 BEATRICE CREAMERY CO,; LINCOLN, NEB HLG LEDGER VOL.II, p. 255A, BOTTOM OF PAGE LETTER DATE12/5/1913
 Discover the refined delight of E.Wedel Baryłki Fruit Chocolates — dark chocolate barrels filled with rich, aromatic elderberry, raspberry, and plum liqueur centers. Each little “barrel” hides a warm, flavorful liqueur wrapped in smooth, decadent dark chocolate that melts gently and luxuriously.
▬▬▬
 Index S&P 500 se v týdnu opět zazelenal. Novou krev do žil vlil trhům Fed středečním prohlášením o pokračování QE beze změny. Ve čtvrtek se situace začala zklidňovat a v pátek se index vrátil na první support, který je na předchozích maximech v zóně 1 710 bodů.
▬▬▬
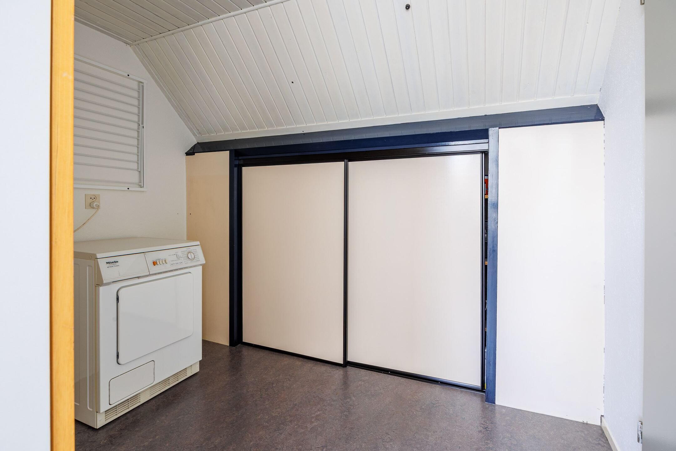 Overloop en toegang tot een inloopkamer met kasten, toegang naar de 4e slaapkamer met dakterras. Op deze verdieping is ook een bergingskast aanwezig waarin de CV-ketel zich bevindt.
▬▬▬
** WHAT TO WORK ON **
Give an exact copy of the lines above from the line with "BEATRICE CREAMERY CO,;" up to and including the line with "Discover the refined", and leave everything else out.

** TASK ANSWER **
 BEATRICE CREAMERY CO,; LINCOLN, NEB HLG LEDGER VOL.II, p. 255A, BOTTOM OF PAGE LETTER DATE12/5/1913
 Discover the refined delight of E.Wedel Baryłki Fruit Chocolates — dark chocolate barrels filled with rich, aromatic elderberry, raspberry, and plum liqueur centers. Each little “barrel” hides a warm, flavorful liqueur wrapped in smooth, decadent dark chocolate that melts gently and luxuriously.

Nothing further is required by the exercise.